At this point in the code analysis, we understand the difference between these two functions in calculating the next scheduling time of the task:

scheduleAtFixedRate?(): Calculates the next execution time of the task. It is not calculated based on the current base time, but the value of the time set by the previous task.
scheduleWithFIxedDelay(): Calculate the next execution time of the task, which is calculated based on the current base time

At this point, let’s go back to the system’s definition of the shceudleAtFixRate function. In fact, it has been explained very clearly in the function comments.

Submits a periodic action that becomes enabled first after the given initial delay, and
subsequently with the given period; that is, executions will commence after initialDelay,
then initialDelay + period, then initialDelay + 2 * period, and so on.

The initial execution time of the task is based on the set delay time, and the time of each subsequent execution is also scheduled based on this initial time.
For example, if the initial time is 1000 and the cycle is 1000, then the execution time of subsequent tasks should normally be **2000 3000 4000**< strong>.
And shceduleAtFixedDelay is based on System.nanotime() recalculating the next scheduling time after the task execution is completed.
scheduleAtFixedRate()** **What happens if the initial time of the task is used as the calculation of the task scheduling time?

Problem recurrence

From the above implementation, we can find that for periodic tasks in the Java thread pool, the next task scheduling will depend on the end of the execution of the previous task. If the execution time of the task exceeds the interval set by the task,then subsequent The interval between task execution will become the execution time of the task as interval.

Here is a demo test written here, creating a task that takes 5S to execute, and setting the task execution interval to 2S.
On this timestamp, you can find that the final task does not actually exist Execute in 2 seconds.

However, this case is different from the cases I encountered online. The tasks performed in the online scenario usually only take tens of milliseconds, and the execution interval is 10S. But we need to know that the online environment and the offline execution environment may be different. The offline task may only take tens of milliseconds, but online may the task not be executed at a certain time due to various abnormal conditions? Many timeouts? For example, due to insufficient time slice allocation, or other special circumstances, such as the GC suspending the thread? . If this is the case, theoretically, due to a certain timeout, the time attribute of the task will always be < System.nanoTime(), and then the execution time of subsequent tasks may return to normal. This causes the task to be scheduled indefinitely. Of course, after each scheduling time = time + period, it will not stop until the task’s time attribute value> System.nanoTime()!

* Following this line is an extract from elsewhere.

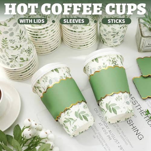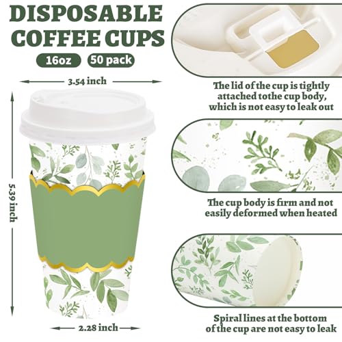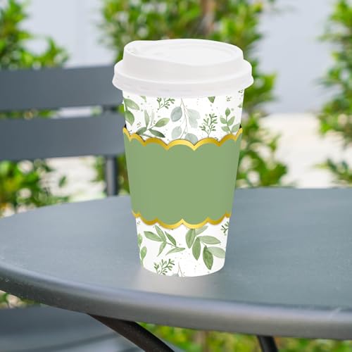 JarThenaAMCS 50Pcs Greenery Coffee Cups with Lids Sleeves 16oz Green Eucalyptus Leaves Paper Cups Disposable To Go Coffee Cups for Wedding Cafes Shops Cappuccino Chocolate Beverage Cocoa

In the following Demo, my default task scheduling time is 1S, and the time-consuming exception during the first execution of the simulation is 15S. It can be found that the subsequent fourteen task scheduling exceptions occurred, and the number of times ~= execution timeout time/task scheduling interval.
From another perspective, this ensures that**shceudleAtFixRate**the final number of executions is always equal to the time interval/task scheduling interval, and will not be due to a certain The execution of a task takes longer, resulting in fewer total times.

Solution

For my periodic performance sampling tasks, we can accept an abnormality in a certain running interval, but cannot accept an abnormal number of instantaneous task scheduling, because this may consume a lot of CPU or other resources. Therefore, the task scheduling is finally changed to use the scheduleAtFixDelay() function, and the actual interval during task execution is recorded. If the interval exceeds a certain threshold, you can choose to discard the results of this sampling based on the characteristics of the task. , or perform some calibration on the data results.